From 1980 to 1983, he headed the production department at Mykolaiv Regional Department of Bread Products.

From 1983 to 1993, he held the position of the deputy head at Mykolaiv Regional Department of Bread Products.

In 1991, Oleksiy Vadaturskyy founded Nibulon, a company mainly specializing in producing and selling hybrid corn and sunflower seeds.

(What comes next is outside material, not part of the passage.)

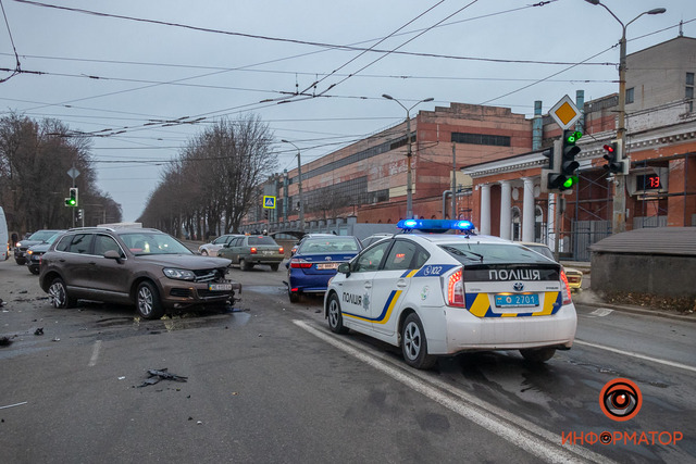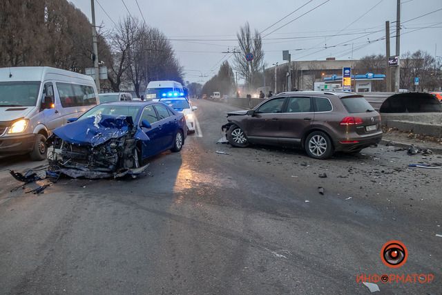 ДТП случилось возле проходной ЮМЗ. По предварительной информации от правоохранителей, Volkswagen ехал по Макарова со стороны улицы Строителей. Toyota двигалась по Макарова от Криворожской и поворачивала на Титова. В этот момент произошло столкновение.

From 1998 to 2006, Vadaturskyy was twice elected a deputy of the Mykolaiv Regional Council.

In November 2007, he was awarded the title of Hero of Ukraine by President Viktor Yushchenko.

In November 2018, the Russian government introduced sanctions against Vadaturskyy and Nibulon.

=== Death ===
In the early hours of 31 July 2022, Vadaturskyy and his wife were killed by a Russian missile strike on their private house in the city of Mykolaiv. Seven or eight Russian missiles hit his home in the Zavodsky district, raising strong suspicions that Vadaturskyy was intentionally targeted and assassinated by Russia to affect the crop export industry of Ukraine. Ukraine stated that the missile which killed Vadaturskyy belonged to the S-300 series of missiles. Mykhailo Podolyak, an advisor to Ukrainian President Volodymyr Zelenskyy, called the missile strike a "premeditated murder [of] one of the most important agricultural entrepreneurs in the country". The attack occurred as the first shipment of grain was getting ready to leave Ukraine on 1 August. The Orthodox funeral service for Vadaturskyy on 12 August in a Kyiv cathedral was attended by several hundred people, including the mayor of Mykolaiv, Oleksandr Senkevych.

Vadaturskyy was succeeded by his son Andriy Vadaturskyi, a politician, co-owner of Nibulon (till August 2022), married, with three children.

== Personal life ==
He was married to Rayisa Vadaturska. The couple's son is Andriy Vadaturskyy.

== Involvement in the Russo-Ukraine War ==
In 2014, following the Russian annexation of Crimea and support of separatists in the Donbass regions, Vadaturskyy financed a 2,000-strong militia with army vehicles. In 2018, he became one of 322 Ukrainians blacklisted by Russia. Following the 2022 Russian invasion, the blockade of grain exports, and the grain export agreement of 22 July, Vadaturskyy and his businesses were devising solutions to resume the normal flow of Ukrainian grain to foreign countries.

== Net Worth ==
In 2021, Forbes rated Vadaturskyy's net worth at $430 million and named him as Ukraine's 24th wealthiest person.

== Honours ==
Vadaturskyy was awarded the Hero of Ukraine in 2007, the country's highest honour, for his role in the development of Ukrainian agricultural industry. Vadaturskyy was known as non-corruptible and pro-European.

In 2008, Nibulon's team, headed by Oleksiy Vadaturskyy, received the State Prize of Ukraine in the Field of Architecture.

Based on the results of the 22nd annual “Person of the Year. Citizen of the Year” city program, Oleksiy Vadaturskyy was acknowledged as a Hero of 2020 for his considerable contribution to public health, fighting the coronavirus pandemic.